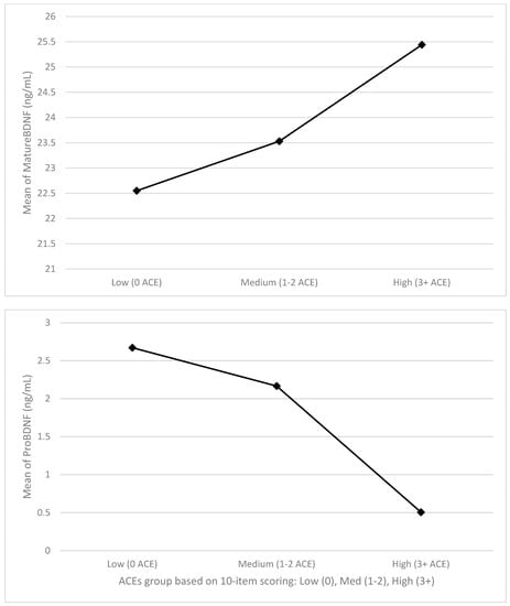 Levels of pro− and mature BDNF across ACEs levels.
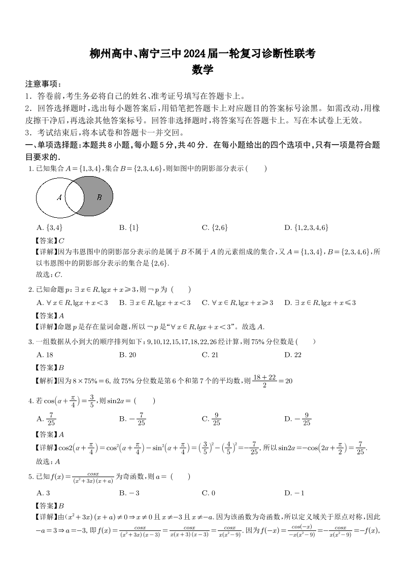 广西2024届邕衡金卷柳州高中、南宁三中高三一轮复习诊断性联考数学(解析版)
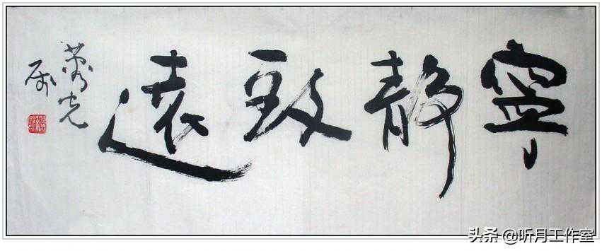 何应辉《行书宁静致远》何应辉书法风骨最彰者。他充分发挥长锋羊毫蓄墨多、柔韧富变的工具性能,在用笔上疾以取势,涩以蓄意,兼以融通书画的多种笔法形式,不独尽笔之性,尽墨之用,形成『润含春雨,燥裂秋风』的特殊风韵,并在直中求曲、曲中取态的点画意趣上;在寓平正于险绝、寓险绝于整肃的字法陈置上,化古出新,取得笔沉气厚、真力内守、大开大合、气势外溢的艺术效果。
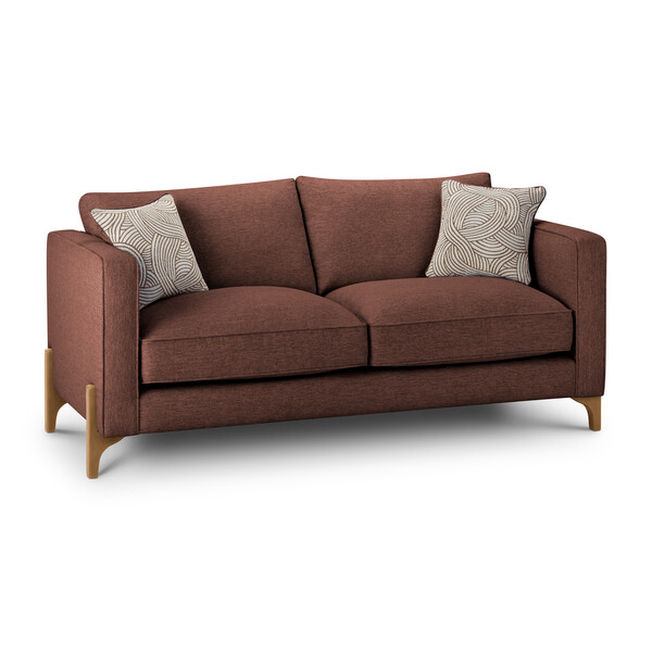 Our mid-century Jude 3-seater sofa is the ideal cosy addition that instantly brings beautiful modern style to your living room. Featuring exposed beech wooden legs in either a walnut or natural finish, and soft textured or rich velvet-feel upholstery options, the exclusive design is easy to match to your home's decor. Piping detail frames Jude's tall box arms for extra sophistication, while comfortable sink-in cushions and two complementary statement scatter cushions complete its contemporary look.
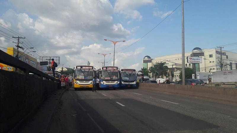 Os ônibus que estavam na Estrada da Providência participam da manifestação no Entroncamento, e o ato deixa longo engarrafamento na rodovia BR-316.
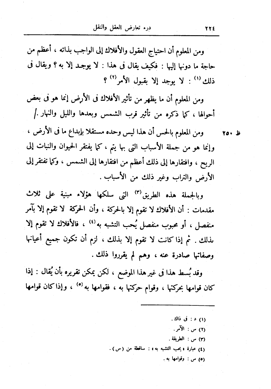 ومن المعلوم أن احتياج العقول والأفلاك إلى الواجب بذاته، أعظم من حاجة ما دونها إليها: فكيف يقال في هذا: لا يوجد إلا به؟ ويقال في ذلك: لا يوجد إلا بقبول الأمر؟

============================================================

From the line that contains "何应辉《行书宁静致远》何应辉" through the last line of the entries, transcribe every line exactly, leaving out the pictures.

 何应辉《行书宁静致远》何应辉书法风骨最彰者。他充分发挥长锋羊毫蓄墨多、柔韧富变的工具性能,在用笔上疾以取势,涩以蓄意,兼以融通书画的多种笔法形式,不独尽笔之性,尽墨之用,形成『润含春雨,燥裂秋风』的特殊风韵,并在直中求曲、曲中取态的点画意趣上;在寓平正于险绝、寓险绝于整肃的字法陈置上,化古出新,取得笔沉气厚、真力内守、大开大合、气势外溢的艺术效果。
 Our mid-century Jude 3-seater sofa is the ideal cosy addition that instantly brings beautiful modern style to your living room. Featuring exposed beech wooden legs in either a walnut or natural finish, and soft textured or rich velvet-feel upholstery options, the exclusive design is easy to match to your home's decor. Piping detail frames Jude's tall box arms for extra sophistication, while comfortable sink-in cushions and two complementary statement scatter cushions complete its contemporary look.
 Os ônibus que estavam na Estrada da Providência participam da manifestação no Entroncamento, e o ato deixa longo engarrafamento na rodovia BR-316.
 ومن المعلوم أن احتياج العقول والأفلاك إلى الواجب بذاته، أعظم من حاجة ما دونها إليها: فكيف يقال في هذا: لا يوجد إلا به؟ ويقال في ذلك: لا يوجد إلا بقبول الأمر؟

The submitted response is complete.